# Gas Range



## jelectric (Mar 9, 2007)

Hi, I am new in the forum. I am an Apprentice.
Does anybody know what are the NEC requieremts for a gas range?
This is a 35 years old house and it has a gas range. All the electrical in the kitchen is on EMT. Is there any NEC code that requieres the use of EMT or you can use romex? I've tried to find this on the NEC but I couldn't be able to find any requierement fo this.

Thanks


----------



## MDShunk (Jan 7, 2007)

You can wire it in anything you want to, except concealed knob and tube. Might have local rules. 

Who do you apprentice for?


----------



## Speedy Petey (Jan 10, 2007)

There are no "requirements" for a gas range as far as the NEC is concerned.
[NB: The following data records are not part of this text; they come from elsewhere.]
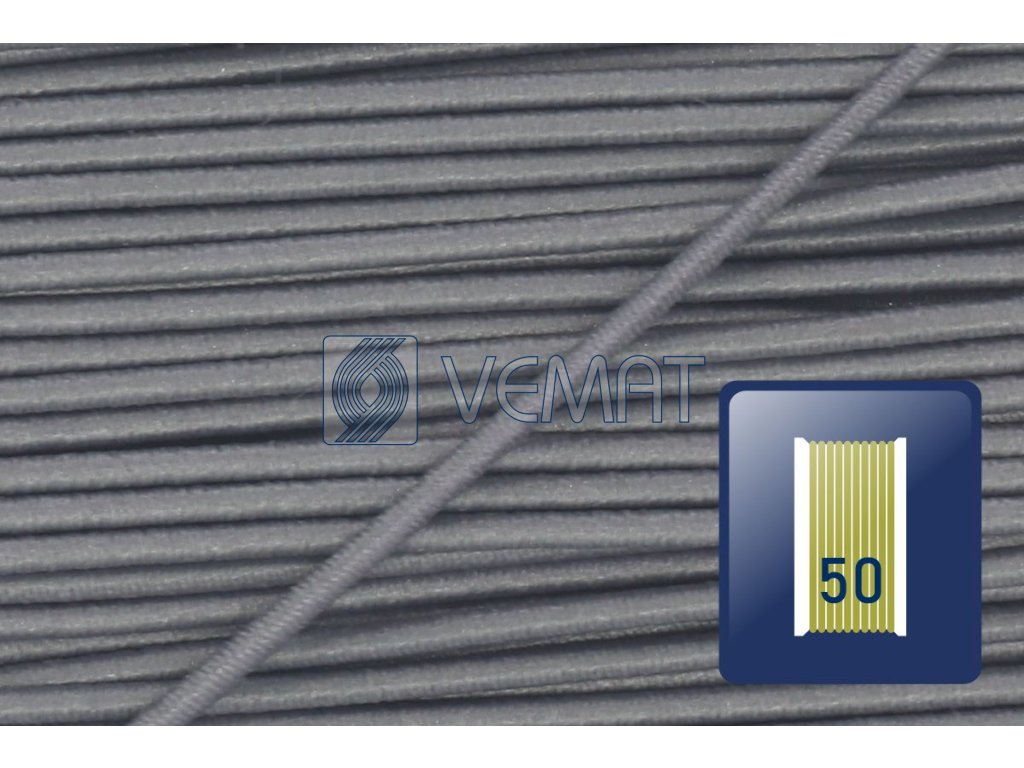 Klobouková guma 1,4mm-grafit.šedá-karta 50m
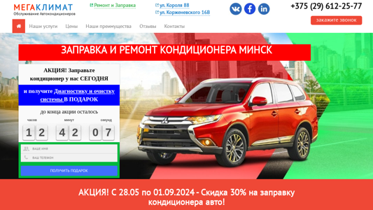 | AI-анализ | This online resource is dedicated to conditioner refills and repairs in Minsk, Belarus. The website offers services at three different locations, with low prices on conditioner and compressor repairs. Professional diagnostics are provided by Megaklimat BA Minsk. The homepage features a 25% discount on conditioner refills, as well as a countdown to the end of the promotion. The website lists reasons for conditioner system failures, such as hermeticity issues, faulty thermoregulating valves, damaged evaporators, faulty pressure sensors, and compressor failures. Users can book repairs or refills by clicking the 'Записаться' button. The website also provides information on the services offered, including conditioner cleaning and disinfection, radiator repairs, and compressor repairs. The time required for conditioner repairs varies depending on the make and model of the vehicle. The website |
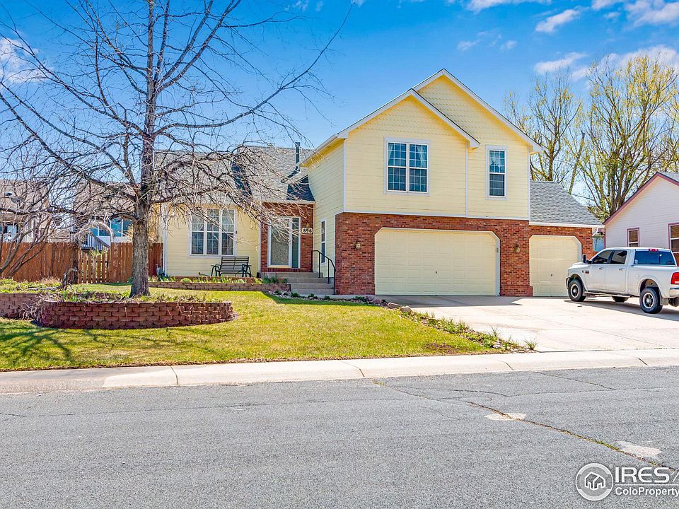 Great 2 story home in the heart of Johnstown. Amazing location near downtown and several parks and ball fields. A couple doors away from the old high school which is being renovated and turned into the new middle school. Lots of beautiful landscaping and plenty of plants to enjoy in front and on the large back patio. Reap the bountiful harvest from your apple and plum tree or the grapes. The home has lots of room and a 3 car garage. Plenty of parking for RV or boats with no HOA or Metro district. You enter the home into the cozy carpeted living room. Just beyond you will find the dining and kitchen with hardwood flooring. Newer dishwasher, microwave and oven/range as well as the cast iron sink all included. The family room is next with a nice fireplace and a 1/2 bath and a couple closets for plenty of storage. Upstairs you will find the primary suite with a 5 piece bath and walk in closet. Two more bedrooms, a full bath and conveniently located near the bedrooms is the laundry room. For your future expansion or just more storage is a unfinished basement with a storage area.
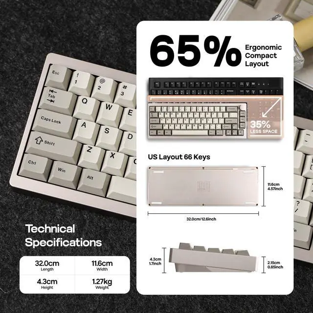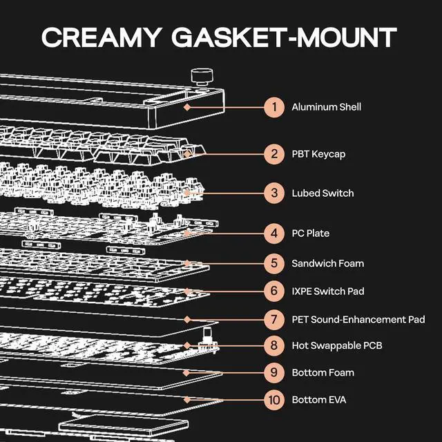 Sound Dampening: 5 layers: Sandwich foam, IXPE switch film, PET sound pad, sound-absorbing foam, and EVA case foam

About the only thing it does say is that it is allowed to be fed from the small appliance circuit. 

Most limitations to wiring methods are local amendments as Marc said.


----------



## Joe Momma (Jan 23, 2007)

jelectric said:


> ...I've tried to find this on the NEC .....


I'm reading this 'on the NEC' monitor that is; in this case.:whistling2: 

If everything is in EMT, I'd venture to say there are some silly local requirements for your area.

What year apprentice are you, and do these people trust you and your expertise as a handy-man at this point and not an electrician?

I'm also an apprentice, with the union, in my 4th year out of 5. So I nearly know everything :laughing:


----------